(Data items)
--------------------
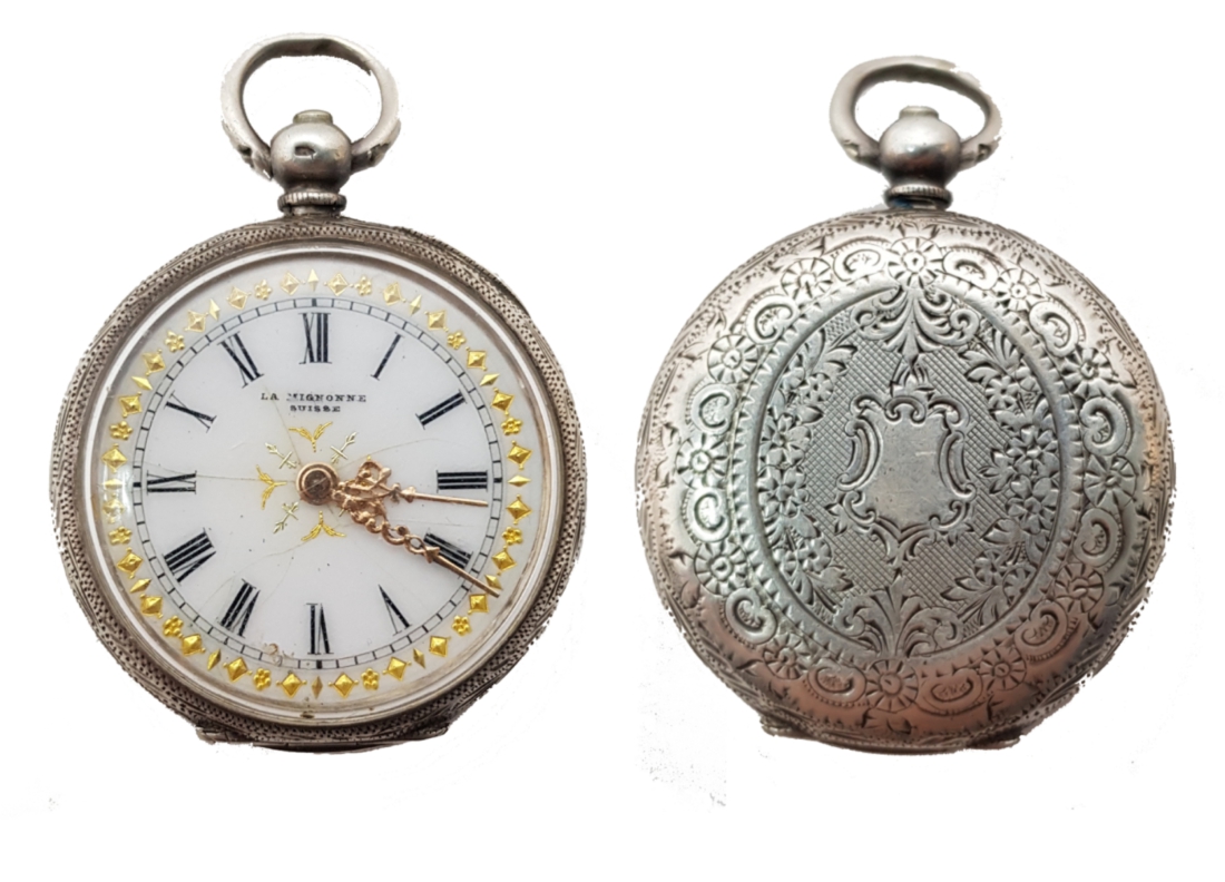 ENGLISH MADE IN 925 SILVER CASE, PEN CRAFTED POCKET WATCH. BACK KEY WAS INSTALLED AND IS IN WORKING CONDITION. THE YELLOW DOTS ON THE DIAL ARE GOLD.
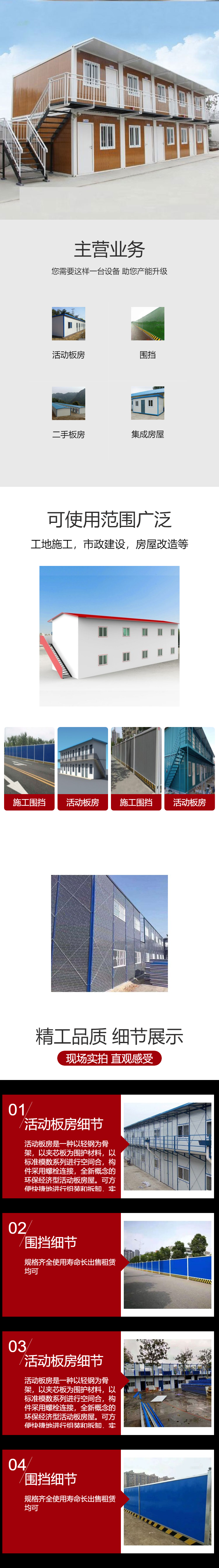 成都市雅杰活動板房有限公司是一家專注于從事:住人集裝箱、施工圍擋、集裝箱活動崗亭等的銷售企業(yè)。公司憑借優(yōu)越的產(chǎn)品優(yōu)良德性能、合理的材料價格、真誠的售后服務(wù)和良好的公司信譽贏得了用戶的贊譽和信賴。
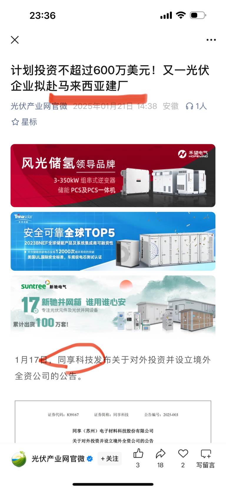 同享科技(BJ839167) 马来西亚建厂,光伏出海。
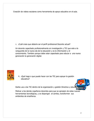 Este documento presenta las expectativas de un docente sobre el uso de las tecnologías de la información y la comunicación (TIC) en su desempeño profesional y en la gestión educativa de su institución. El docente menciona que ha incorporado las TIC en su trabajo mediante el uso de diarios digitales, redes sociales y proyectos pedagógicos con TIC. Además, cree que el perfil del docente actual debe incluir capacitación en investigación e implementación de TIC. Finalmente, propone apoyar la visión digital de
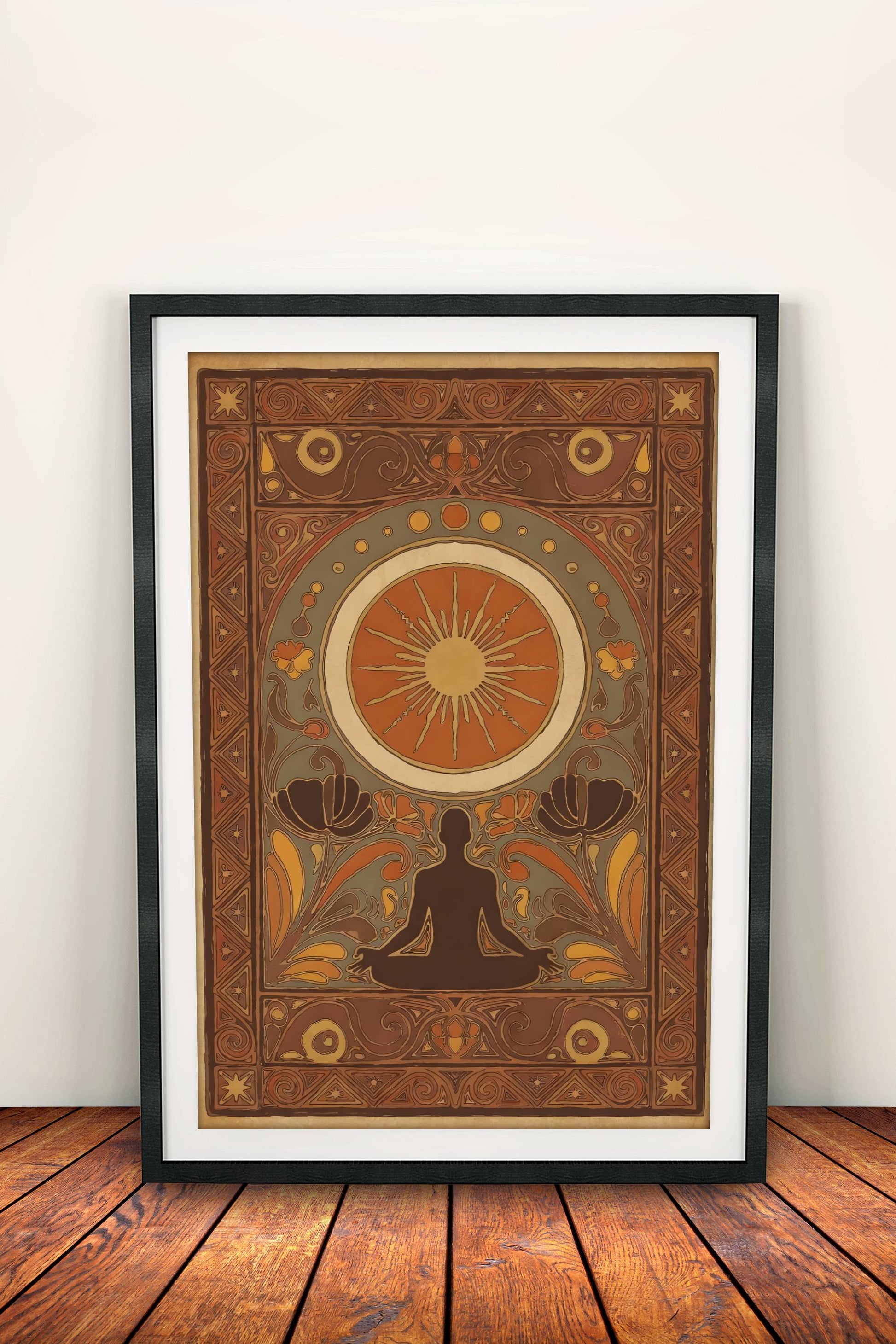 Syvällinen retro-tyylinen meditaatiojuliste lämpimissä ruskean, oranssin ja vihreän sävyissä: istuva siluetti auringon ympyrän alla, ympärillä koristeellisia aaltoja, lehtiä, tähtiä ja mandalamaisia muotoja – kulunut vintage-paperi-ilme tuo rauhaa ja sisäistä voimaa 70-luvun henkisessä hengessä.
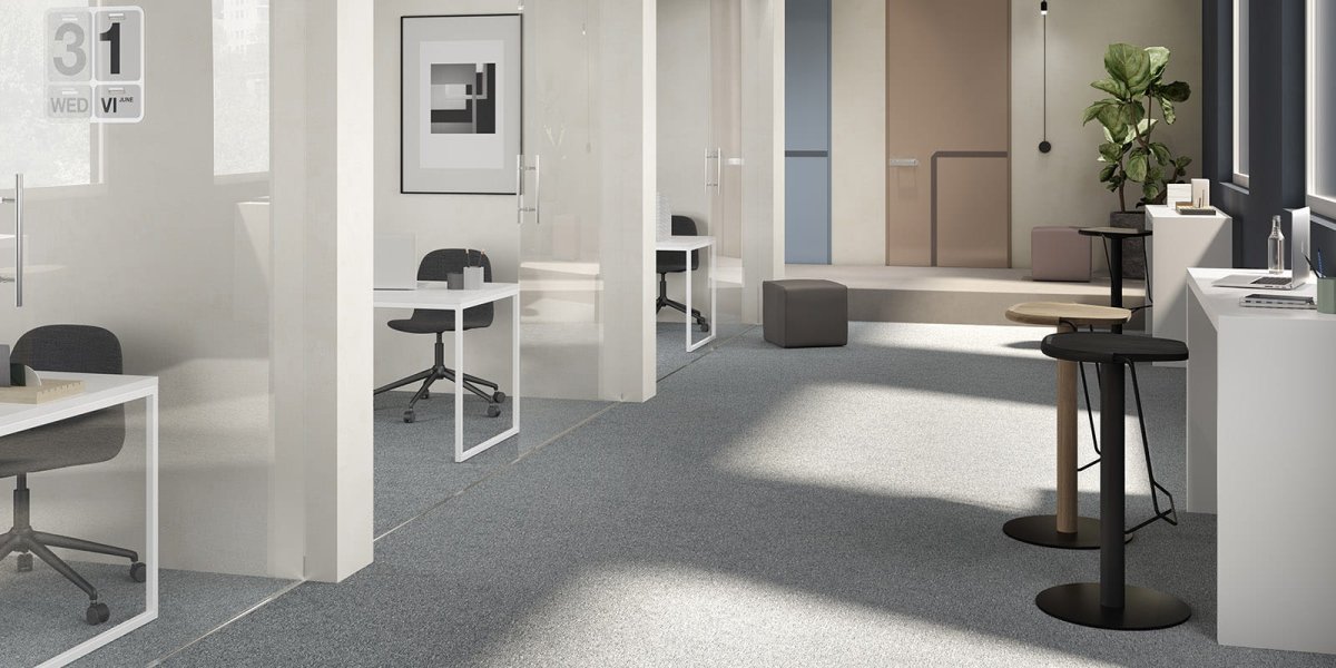 Wykładzina Medusa łączy w sobie sprawdzone rozwiązanie melanżowego wzoru z najnowocześniejszą technologią Solution Dyed Nylon. Melanżowy wzór to klasyka w świecie wykładzin komercyjnych – subtelne mieszanie kolorów tworzy dynamiczną powierzchnię, która doskonale ukrywa zarówno zabrudzenia, jak i ślady użytkowania. Dzięki temu wykładzina zawsze prezentuje się estetycznie, co jest szczególnie istotne w reprezentacyjnych przestrzeniach biznesowych. Klasa użytkowania 33 potwierdza, że Medusa sprawdzi się w najbardziej obciążonych lokalizacjach – od recepcji hotelowych i biur korporacyjnych o wysokim natężeniu ruchu, po restauracje, sale konferencyjne i przestrzenie handlowe. Technologia SDN gwarantuje trwałość kolorów niezależnie od ekspozycji na światło, a niska wysokość całkowita (5,2 mm) zapewnia eleganckie przejścia między pomieszczeniami.
--------------------
§ **Prompt**:
Please copy the preceding records exactly and omit the images.

§ **Answer below**:
 ENGLISH MADE IN 925 SILVER CASE, PEN CRAFTED POCKET WATCH. BACK KEY WAS INSTALLED AND IS IN WORKING CONDITION. THE YELLOW DOTS ON THE DIAL ARE GOLD.
 成都市雅杰活動板房有限公司是一家專注于從事:住人集裝箱、施工圍擋、集裝箱活動崗亭等的銷售企業(yè)。公司憑借優(yōu)越的產(chǎn)品優(yōu)良德性能、合理的材料價格、真誠的售后服務(wù)和良好的公司信譽贏得了用戶的贊譽和信賴。
 同享科技(BJ839167) 马来西亚建厂,光伏出海。
 Este documento presenta las expectativas de un docente sobre el uso de las tecnologías de la información y la comunicación (TIC) en su desempeño profesional y en la gestión educativa de su institución. El docente menciona que ha incorporado las TIC en su trabajo mediante el uso de diarios digitales, redes sociales y proyectos pedagógicos con TIC. Además, cree que el perfil del docente actual debe incluir capacitación en investigación e implementación de TIC. Finalmente, propone apoyar la visión digital de
 Syvällinen retro-tyylinen meditaatiojuliste lämpimissä ruskean, oranssin ja vihreän sävyissä: istuva siluetti auringon ympyrän alla, ympärillä koristeellisia aaltoja, lehtiä, tähtiä ja mandalamaisia muotoja – kulunut vintage-paperi-ilme tuo rauhaa ja sisäistä voimaa 70-luvun henkisessä hengessä.
 Wykładzina Medusa łączy w sobie sprawdzone rozwiązanie melanżowego wzoru z najnowocześniejszą technologią Solution Dyed Nylon. Melanżowy wzór to klasyka w świecie wykładzin komercyjnych – subtelne mieszanie kolorów tworzy dynamiczną powierzchnię, która doskonale ukrywa zarówno zabrudzenia, jak i ślady użytkowania. Dzięki temu wykładzina zawsze prezentuje się estetycznie, co jest szczególnie istotne w reprezentacyjnych przestrzeniach biznesowych. Klasa użytkowania 33 potwierdza, że Medusa sprawdzi się w najbardziej obciążonych lokalizacjach – od recepcji hotelowych i biur korporacyjnych o wysokim natężeniu ruchu, po restauracje, sale konferencyjne i przestrzenie handlowe. Technologia SDN gwarantuje trwałość kolorów niezależnie od ekspozycji na światło, a niska wysokość całkowita (5,2 mm) zapewnia eleganckie przejścia między pomieszczeniami.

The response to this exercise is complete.